**Exercise description:**
Begin with the line below holding "Hot Dogs with" and go on through the line holding "JR西荻窪駅北口から徒歩30", duplicating each line exactly and leaving out pictures.

**Listed entries:**
○ ○ ○ ○

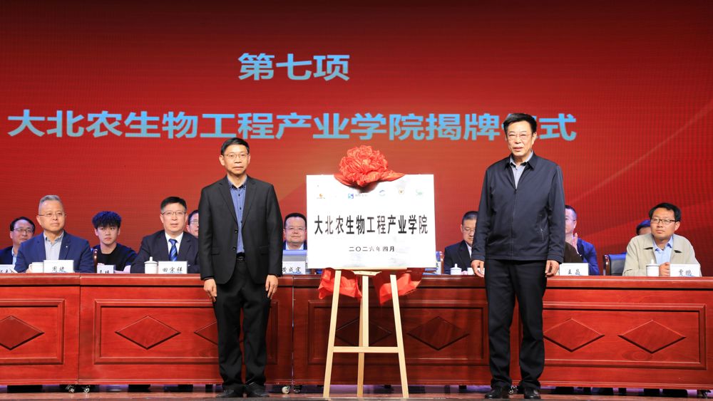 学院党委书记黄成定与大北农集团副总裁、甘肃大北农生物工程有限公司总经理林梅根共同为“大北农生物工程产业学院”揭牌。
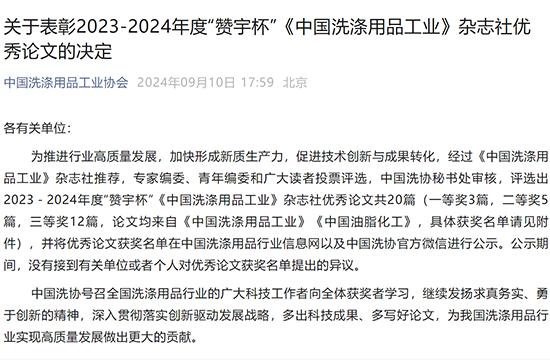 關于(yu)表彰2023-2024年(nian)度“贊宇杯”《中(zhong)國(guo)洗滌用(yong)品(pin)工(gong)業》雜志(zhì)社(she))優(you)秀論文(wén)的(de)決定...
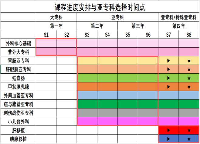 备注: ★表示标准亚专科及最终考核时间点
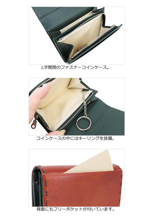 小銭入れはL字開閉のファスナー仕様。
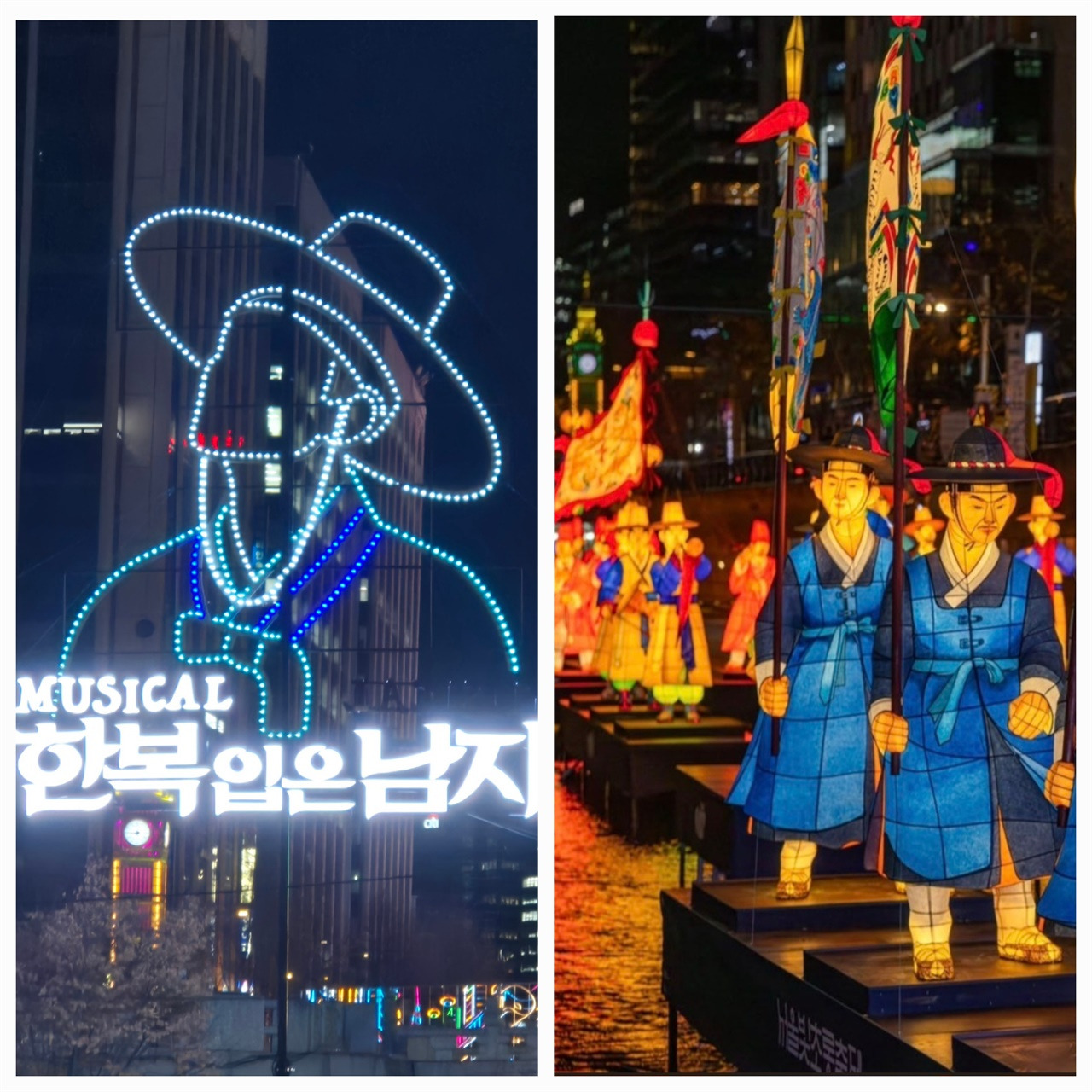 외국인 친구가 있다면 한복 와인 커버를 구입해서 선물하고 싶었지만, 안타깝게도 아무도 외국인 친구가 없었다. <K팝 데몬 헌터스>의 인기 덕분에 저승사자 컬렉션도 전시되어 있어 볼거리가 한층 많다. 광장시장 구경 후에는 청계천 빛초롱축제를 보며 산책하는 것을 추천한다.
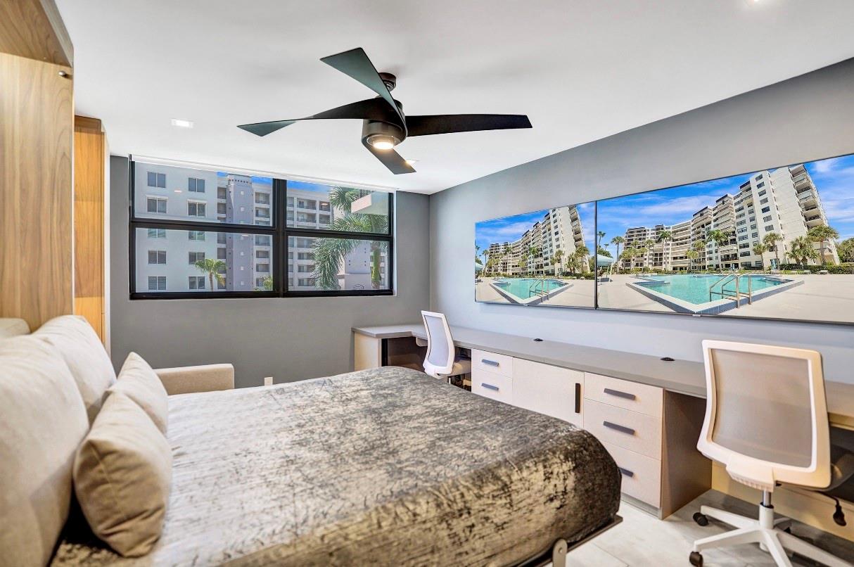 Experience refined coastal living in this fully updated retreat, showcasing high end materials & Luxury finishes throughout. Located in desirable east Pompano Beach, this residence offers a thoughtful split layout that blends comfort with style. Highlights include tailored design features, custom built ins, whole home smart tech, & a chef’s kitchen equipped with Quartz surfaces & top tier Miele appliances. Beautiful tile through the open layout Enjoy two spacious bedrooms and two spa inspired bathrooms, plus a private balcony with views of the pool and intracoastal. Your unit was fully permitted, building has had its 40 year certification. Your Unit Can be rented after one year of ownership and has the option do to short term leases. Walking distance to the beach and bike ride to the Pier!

○ ○ ○ ○

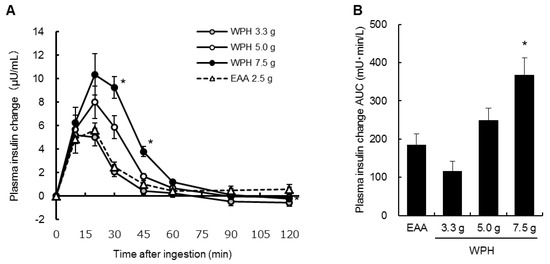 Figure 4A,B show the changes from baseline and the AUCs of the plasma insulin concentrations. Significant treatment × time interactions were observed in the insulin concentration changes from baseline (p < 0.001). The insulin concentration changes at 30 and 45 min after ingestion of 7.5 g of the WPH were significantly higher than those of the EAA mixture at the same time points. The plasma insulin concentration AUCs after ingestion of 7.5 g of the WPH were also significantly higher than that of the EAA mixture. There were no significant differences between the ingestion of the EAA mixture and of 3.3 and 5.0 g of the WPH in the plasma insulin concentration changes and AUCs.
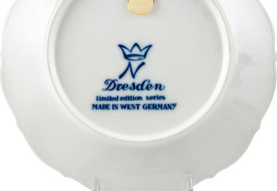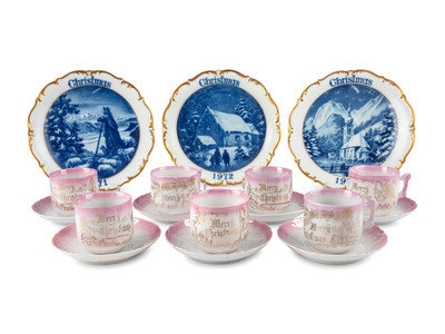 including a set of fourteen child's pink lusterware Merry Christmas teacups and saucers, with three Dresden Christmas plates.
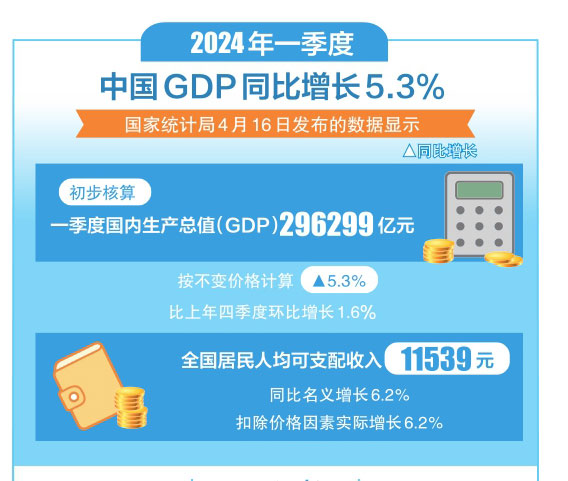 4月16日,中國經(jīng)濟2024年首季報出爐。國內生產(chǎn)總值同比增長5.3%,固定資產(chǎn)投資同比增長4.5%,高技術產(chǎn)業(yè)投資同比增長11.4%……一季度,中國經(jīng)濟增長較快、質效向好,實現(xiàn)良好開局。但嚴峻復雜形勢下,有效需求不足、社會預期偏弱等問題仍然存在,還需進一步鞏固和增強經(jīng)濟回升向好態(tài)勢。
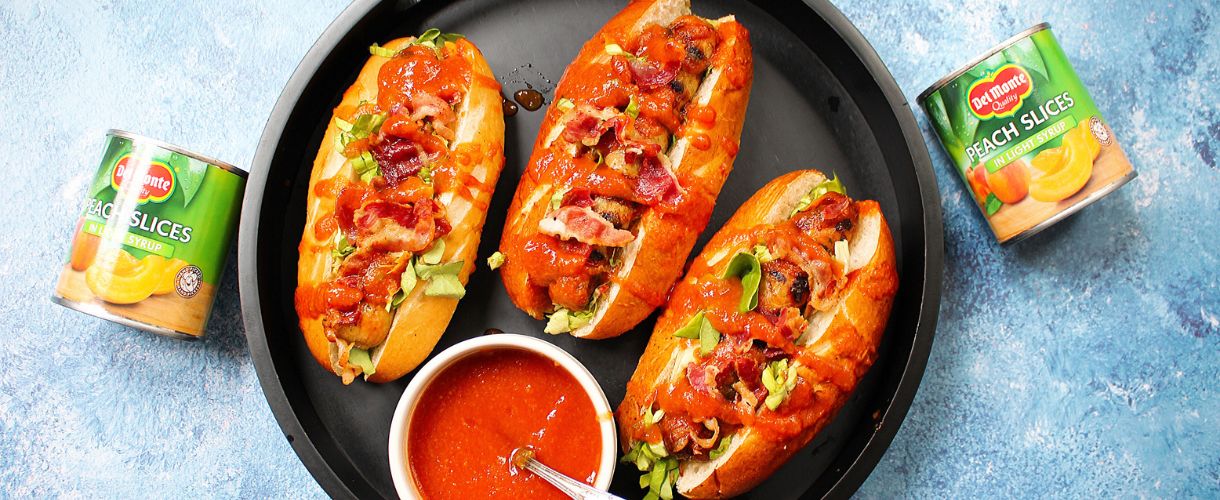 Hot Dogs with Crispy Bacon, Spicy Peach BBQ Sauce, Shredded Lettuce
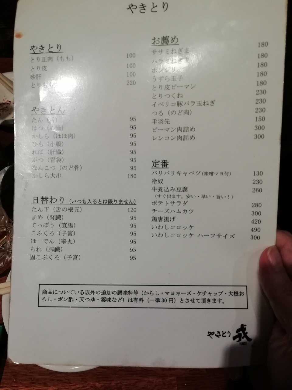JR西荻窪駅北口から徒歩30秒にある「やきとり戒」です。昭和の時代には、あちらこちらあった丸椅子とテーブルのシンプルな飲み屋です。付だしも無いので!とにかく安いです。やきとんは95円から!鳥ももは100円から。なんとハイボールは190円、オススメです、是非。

○ ○ ○ ○

**Completed exercise:**
 Hot Dogs with Crispy Bacon, Spicy Peach BBQ Sauce, Shredded Lettuce
JR西荻窪駅北口から徒歩30秒にある「やきとり戒」です。昭和の時代には、あちらこちらあった丸椅子とテーブルのシンプルな飲み屋です。付だしも無いので!とにかく安いです。やきとんは95円から!鳥ももは100円から。なんとハイボールは190円、オススメです、是非。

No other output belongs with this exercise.